Now that’s enough spouting from me, let’s hand over to Hollis.


Whiteout by Adriana Anders was a book I picked up earlier this year because Micky had such a good time reading it but alas.. we did not get along. You can see our double review here and decide for yourself! This suspense thriller adventure is set in the Yukon and.. that’s about all that recommends it for me. So, not at all, really.

Infinity Son was, like I think for many of us, a total disappointment. What should’ve been exciting queer fantasy just was.. well, queer fantasy, but not particularly exciting and definitely not enjoyable. A one star should make it obvious that I’m disinclined to continue the series but I’ve yet to decide if I might read on or not..

The Fantasyland series by Kristen Ashley. Yes, this was a five book series, yes I read them all (reviews can be found on GR if you’re curious enough to hunt for them), yes it was quite the adventure. I liked some, hated others, even sorta hated the ones I did like. But it was a series I thought had the best chance of winning me over considering I was already dubious about the author’s others works (later, Micky and I tried to read the Honey series.. elle oh elle to that disaster) and ultimately I’m just unfriending the author as a whole. But at least I saw this series through to the end!

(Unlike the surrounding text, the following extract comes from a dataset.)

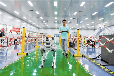 8月10日,内蒙古北科交大机器人有限公司的工作人员正在对行走式智能巡检机器狗进行安全测试。内蒙古北科交大机器人有限公司是一家以工业机器人为核心的数字化、智能化设备和系统解决方案产学研一体化的高科技企业,目前已在钢铁、铝业、稀土、风电、光伏等行业研发并广泛应用了多款机器人,助力相关产业高质量发展。本报记者 王晓博 摄

Swear On This Life by Renée Carlino is memorable to me because Micky and I were reading this at the same time back in 2016 and ended up on opposite ends of the spectrum. She with a five star, me with a one star. This had flashbacks, reunion with childhood friends, a story-within-a-story.. all things that should’ve worked, and none that did.

The Duke’s Perfect Wife by Jennifer Ashley is book four in the Mackenzies and McBrides series, a historical romance series I thought would be a new favourite and was excited to binge (I think there are currently eleven books, as well as novellas? not sure if it’s even complete yet..), but which pretty tanked any momentum to continue on back in 2017. I ranted quite a bit in my one star review on GR. Granted, my enjoyment was steadily decreasing after book one so maybe it was just inevitable.

The Lost Girls of Paris by Pam Jenoff was yet another disappointment considering it should’ve once again been something right up my alley. Historical, women-centric, some action, some romance.. but no. Poorly drawn characters, ridiculous circumstances and events, forced love stories.. and more. You can check out my thoughts here.

Last but not least (for this round, at any rate!) is The Binding by Bridget Collins. Another that appealed to me on almost every level, the concept of magic, the vibe, the cover!, but yet failed, because the elements that were featured in the marketing of this book just didn’t seem to live up to the reality. This one didn’t net itself a one star but it wasn’t far off. This read also pre-dates the blog, like most of this list, but I have a review on GR here.


What have been some memorable book unfriendings for you? Or maybe some recent ones? We’d love to know!